PAH Anaerobic Biodegradation Assessment by Stable Isotope Technologies

The main goals of the current project were to prove and quantify the use of PAHs in polluted marine and freshwater systems by methanogenic and sulphate-reducing microbiota, and characterize the key microorganisms. My research has included other compounds (for example heteroatomic PAH, like dibenzothiophene, carbazole and dibenzofuran) and which were not considered in my initial plans, but have similar characteristics: they are abundant in oil and oily products, they are relatively water soluble, they have been only poorly studied, and some possess toxic and carcinogenic properties as well. The samples to work with were mainly collected from a contaminated site in Gölzau (Germany) and kindly provided by Dr. Yao Jun, our cooperating partner from the University of Science and Technology of Beijing, China. These samples were taken from an oil reservoir in China. In addition, thanks to Dr. Srikanth Mutnuri from the Birla Institute of Technology and Science (BITS-Pilani, Goa, India), I could obtain samples from a hydrocarbon-polluted harbour in Goa. Finally, a collaboration with the group of Dr. Anna Maria Solanas, from the Department of Microbiology of the University of Barcelona, offered me the opportunity to work in an alkylbenzenes-contaminated aquifer in Spain.
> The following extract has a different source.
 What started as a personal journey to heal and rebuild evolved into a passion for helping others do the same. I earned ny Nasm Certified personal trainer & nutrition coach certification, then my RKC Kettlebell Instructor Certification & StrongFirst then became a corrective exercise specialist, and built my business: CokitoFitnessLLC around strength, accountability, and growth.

From all these polluted sites, different cultivation experiments were set up and the results are summarized below:
• Microcosms under sulphate-reducing conditions using groundwater from Gölzau, containing 2-methyl-phenanthrene, heteroatomic PAHs (carbazol, dibenzothiophene, dibenzofuran) and dissolved in a heptamethylnonane phase were set up. Growth in carbazol and dibenzothiophene as sole carbon sources was detected and future experiments performed in the Department should determine the activation mechanisms.
• A cometabolism experiment with ten different PAHs was performed in cooperation with a PhD student from my department, and potential cometabolic degradation of several of them (including carbazol, dibenzothiophene, methylphenanthrene and decylbenzene) has been detected. Several microcosms were extracted and the metabolites have to be identified. A publication is expected from this work.
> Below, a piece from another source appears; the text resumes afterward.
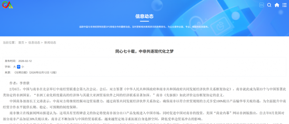 2026年,正值中非建交70周年这一重要历史节点,中非始终携手同行。2026年3月,中国国家副主席对南非进行正式访问,并与南非副总统共同主持召开中南国家双边委员会会议,进一步夯实两国高层互信与机制化合作基础,推动中南关系持续向“新时代全方位战略合作伙伴关系”迈进。

• Thanks to the collaboration with Dr. Srikanth Mutmuri from the Birla Institute of Technology and Science (BITS-Pilani, Goa, India), Enrichment cultures under sulphate-reducing and methanogenic conditions were set up using contaminated sediments from Goa, using oil as substrate to avoid the loss of metabolic potential. Some of the microcosms exhibited degradation potential, but the biomass is still low to conduct further experiments.
• An experiment using linear alkylbenzenes (LAB) as carbon sources and groundwater from a LAB-contaminated aquifer was set up in collaboration with people from the Microbiology Department of the University of Barcelona. The method for Compound Specific Isotope Analysis (CSIA) by GC-IRMS of these compounds was wet up. However, after several months of incubation no fractionation (C or H) on the different compounds was observed. Nevertheless, the cultures are being maintained in the lab for future investigations.
• Finally, the fruitful collaboration with Prof Jun Yao, from the University of Science and technology of Beijing, gave me the chance to obtain samples from an oil reservoir. This system can be used as model for hydrocarbon anaerobic (in this case methanogenic) polluted sites, like groundwaters and marine sediments, as it is being constantly supplied water. I studied it in collaboration with the Chinese research group and the group of the Department of Geomicrobiology, Federal Institute for Geosciences and Natural Resources (BGR).
Isotopic measurements of reservoir fluids and GC-analysis of the oil confirmed that the reservoir is highly methanogenic and that PAH degradation is taking place in situ. In addition to the field measurements, microcosms containing 13C-labelled aromatic hydrocarbons (methylnaphthalene, ethylbenzene and m-xylene) were set up and we detected production of labelled methane in some of them, which confirms that methanogenic degradation of aromatic hydrocarbons (including PAH) is a feasible process in oil reservoirs. Microcosms amended with oil exhibited a high rate of methane production and the consortia could extensively degrade oil under these conditions. Moreover, the results of the isotopic measurements of the enrichment cultures at different temperatures and some additional experiments with 13C-labelled acetate suggest that the metabolic pathway for the mineralization of PAH is depending, among other factors, on the temperature. Finally, the microbial communities from the reservoir were characterized. High amounts of methanogenic archaea and putative syntrophic bacteria were detected, indicating syntrophic oxidation of hydrocarbons or fermentation products coupled to hydrogenotrophic methanogenesis is likely occurring. As a result of this work, a manuscript has been published (Jiménez et al., 2012. Org Geochem 2: 44-54), another one is to be submitted and some more are under preparation.

Regarding the use of BACTRAPs®, preliminary exposure experiments have been done in Gölzau using activated charcoal as carrying material. The performance (regarding the sorption and desorption properties) of this material had been previously tested in vitro and it had proven to be suitable to be used in situ. In the first step, naphthalene and phenanthrene have been selected for the experiments in situ, because their metabolism has already been studied.